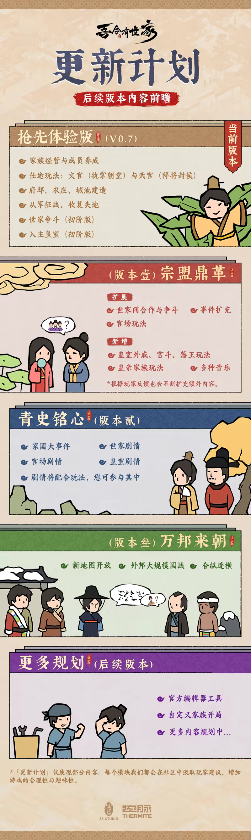 “游戏历经了3年的开发,已经拥有了相对丰富的内容,我们希望为游戏填充更多的玩法、剧情等内容,但也想让大家尽快体验到《吾今有世家》主体内容,并且希望能与大家积极互动,收集建议,让游戏能够朝着大家喜欢的方向发展,所以想用抢先体验的方式跟大家尽早见面。”
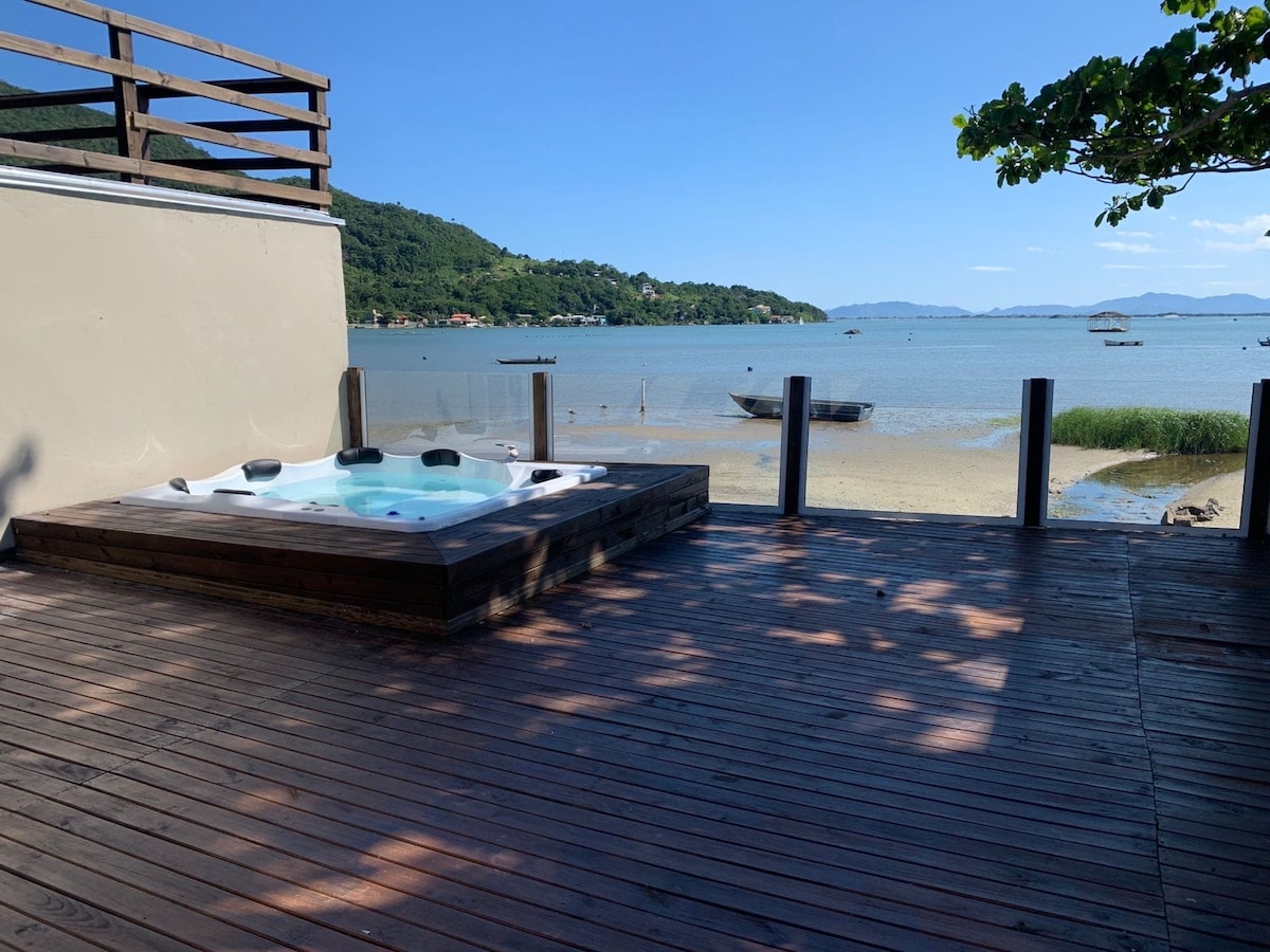 Belle et large maison (2700 pi²) en bord de mer dans le district de Ribeirão da Ilha, le quartier le plus préservé et traditionnel de Florianópolis. 3 suites avec lit Queen Size, lit double, 2 lits simples et lit bébé. Climatisation froide / chaude dans chaque chambre. PISCINE CHAUFFÉE. Grand salon avec télévision par câble et Internet, espace gastronomique avec barbecue, poêle à bois et four à pizza. La propriété est grande et dispose d'un accès à la mer, idéal pour le kayak (disponible pour les clients). Place à un incroyable repos familial !
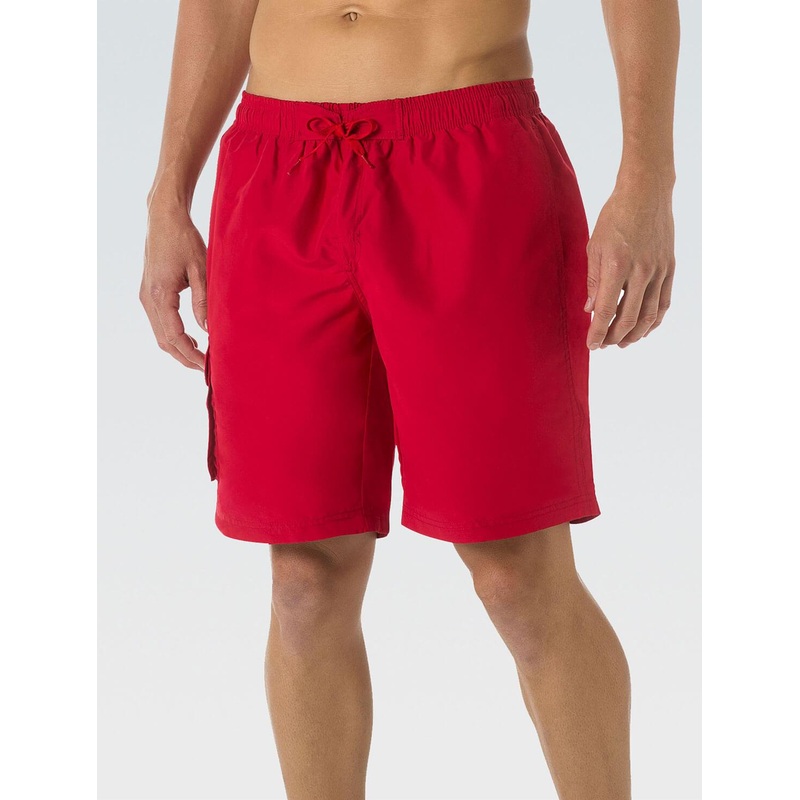 STYLE: Classic Board Shorts. GREAT DETAILS: Try out one of our best selling shorts in solid red. The 9" inseam length and easy elastic waist bring comfort so you can have fun in the sun. PERFECT FIT & FEEL: Featuring an internal drawcord for added security
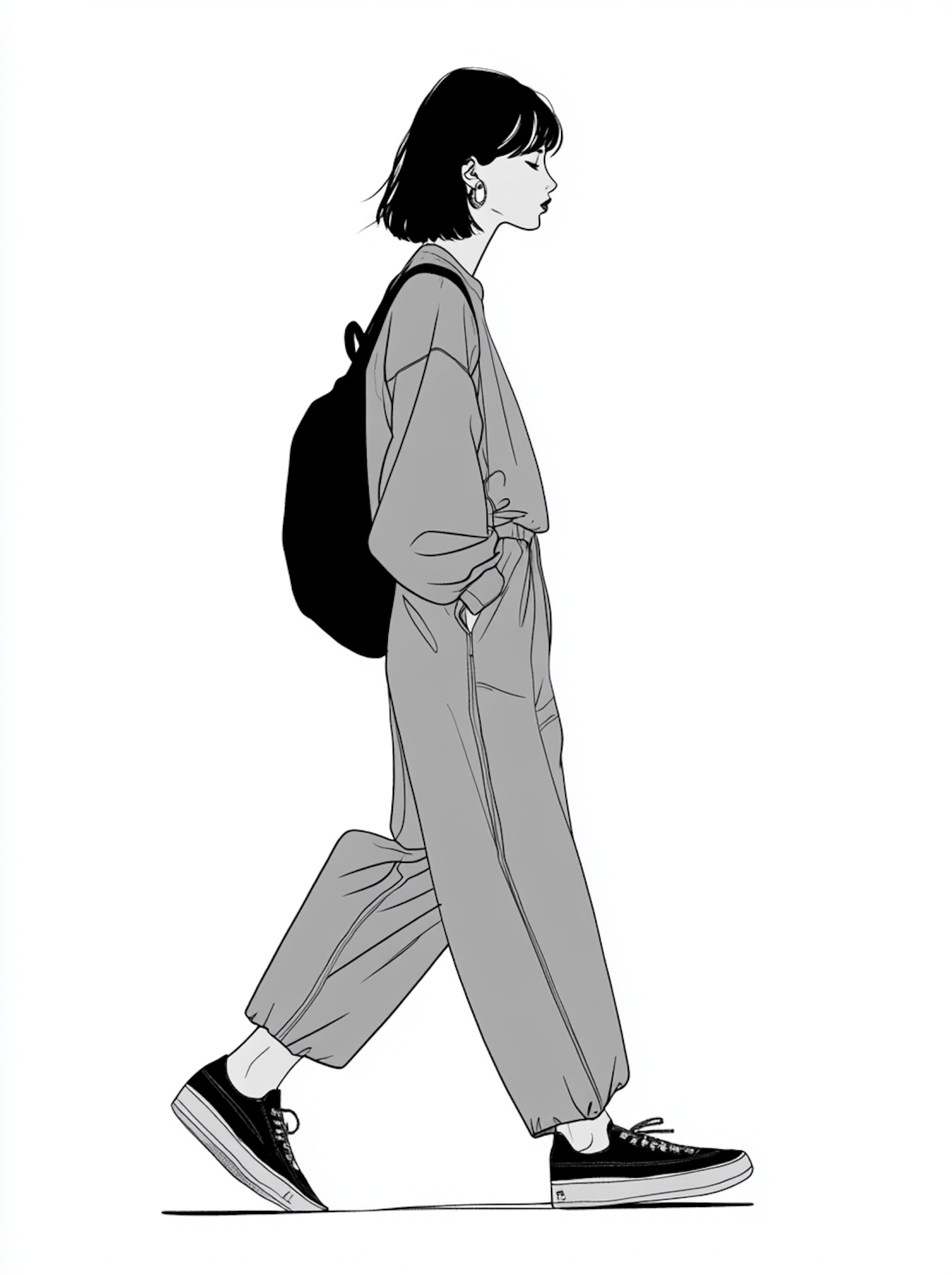 Minimalist illustration of a young person walking with a backpack, wearing casual attire and sneakers, set against a plain white background.
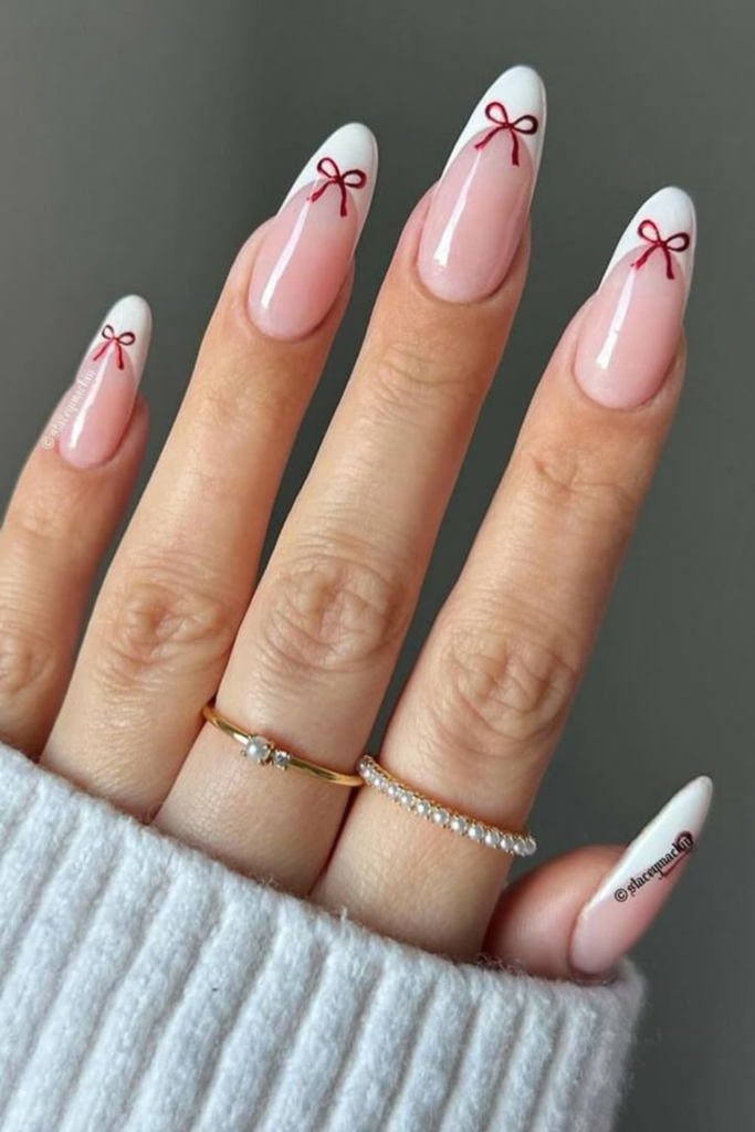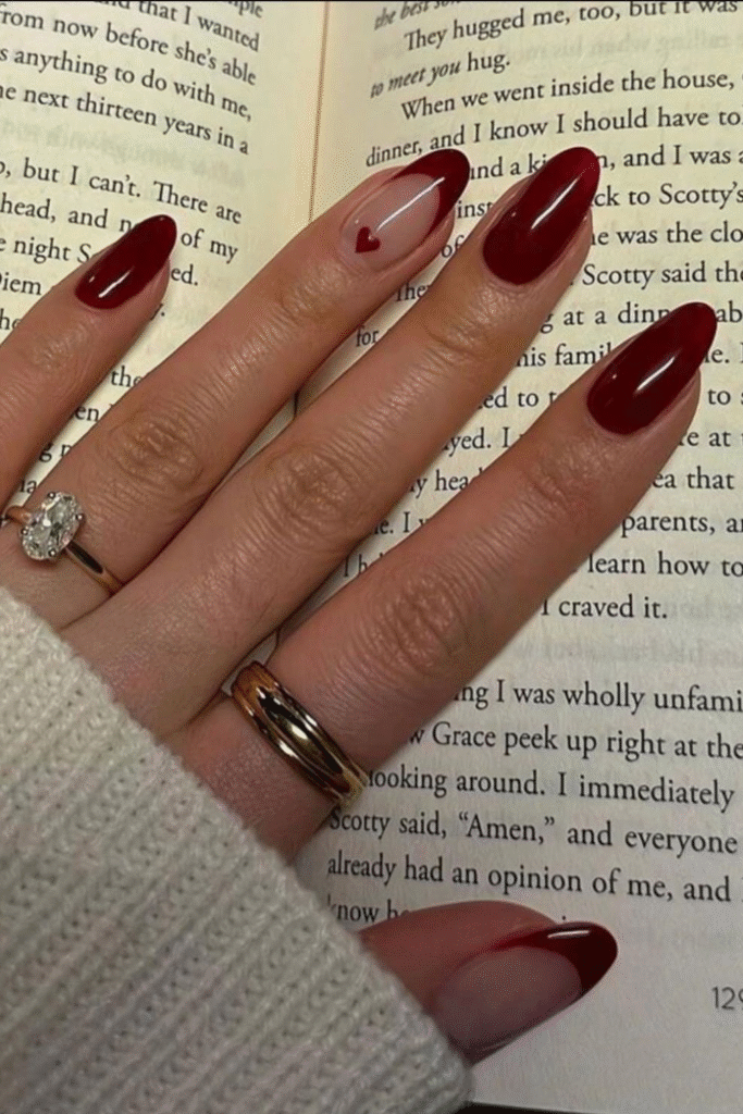 French tip nails paired with red accents feel festive without screaming Valentine’s Day.

^^^^

ASSIGNED TASK: Return every record above exactly as written, but drop the pictures.

COMPLETED TASK:
 “游戏历经了3年的开发,已经拥有了相对丰富的内容,我们希望为游戏填充更多的玩法、剧情等内容,但也想让大家尽快体验到《吾今有世家》主体内容,并且希望能与大家积极互动,收集建议,让游戏能够朝着大家喜欢的方向发展,所以想用抢先体验的方式跟大家尽早见面。”
 Belle et large maison (2700 pi²) en bord de mer dans le district de Ribeirão da Ilha, le quartier le plus préservé et traditionnel de Florianópolis. 3 suites avec lit Queen Size, lit double, 2 lits simples et lit bébé. Climatisation froide / chaude dans chaque chambre. PISCINE CHAUFFÉE. Grand salon avec télévision par câble et Internet, espace gastronomique avec barbecue, poêle à bois et four à pizza. La propriété est grande et dispose d'un accès à la mer, idéal pour le kayak (disponible pour les clients). Place à un incroyable repos familial !
 STYLE: Classic Board Shorts. GREAT DETAILS: Try out one of our best selling shorts in solid red. The 9" inseam length and easy elastic waist bring comfort so you can have fun in the sun. PERFECT FIT & FEEL: Featuring an internal drawcord for added security
 Minimalist illustration of a young person walking with a backpack, wearing casual attire and sneakers, set against a plain white background.
 French tip nails paired with red accents feel festive without screaming Valentine’s Day.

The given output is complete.